■ DATASET SECTION:
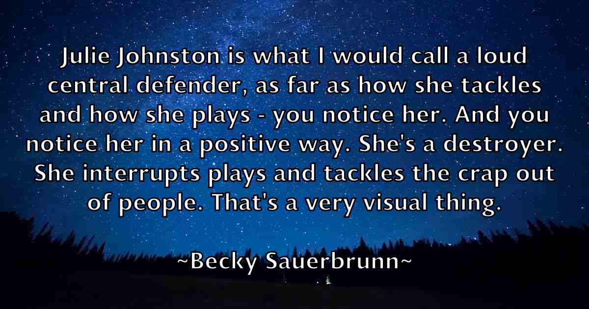 Julie Johnston is what I would call a loud central defender, as far as how she tackles and how she plays - you notice her. And you notice her in a positive way. She's a destroyer. She interrupts plays and tackles the crap out of people. That's a very visual thing.
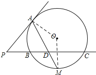 解答 解:连接AO、OM.∵M是弧BC的中点,∴OM⊥BC.∴∠ADP=∠CDM=90°-∠OMA.∵AP为圆的切线,∴OA⊥AP.∴∠PAD=90°-∠OAM.∵AO=OM,∴∠OAM=∠OMA.∴∠PAD=∠PDA.∴PA=PD.
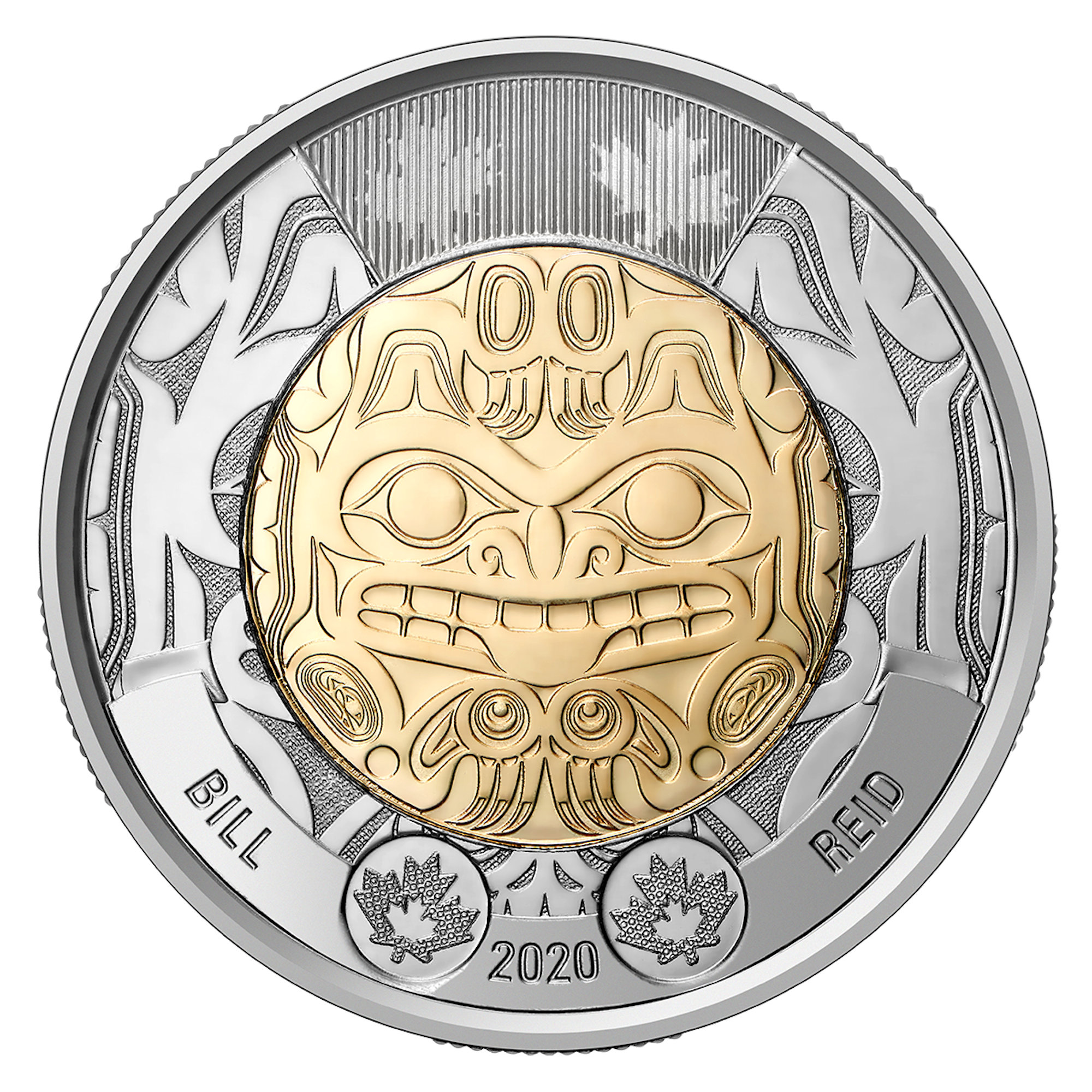 In July of 2020 the Royal Canadian Mint released a pair of commemorative two dollar coins. They celebrate the 100th Anniversary of the birth of world famous Haida artist and sculptor Iljuwas (Bill Reid) (1920-1998).

■ WHAT IS NEEDED:
Restate each line from the start of the listing through the line bearing "解答 解:连接AO、OM.∵" word for word. Drop the pictures.

■ SOLUTION TO THIS EXERCISE:
 Julie Johnston is what I would call a loud central defender, as far as how she tackles and how she plays - you notice her. And you notice her in a positive way. She's a destroyer. She interrupts plays and tackles the crap out of people. That's a very visual thing.
 解答 解:连接AO、OM.∵M是弧BC的中点,∴OM⊥BC.∴∠ADP=∠CDM=90°-∠OMA.∵AP为圆的切线,∴OA⊥AP.∴∠PAD=90°-∠OAM.∵AO=OM,∴∠OAM=∠OMA.∴∠PAD=∠PDA.∴PA=PD.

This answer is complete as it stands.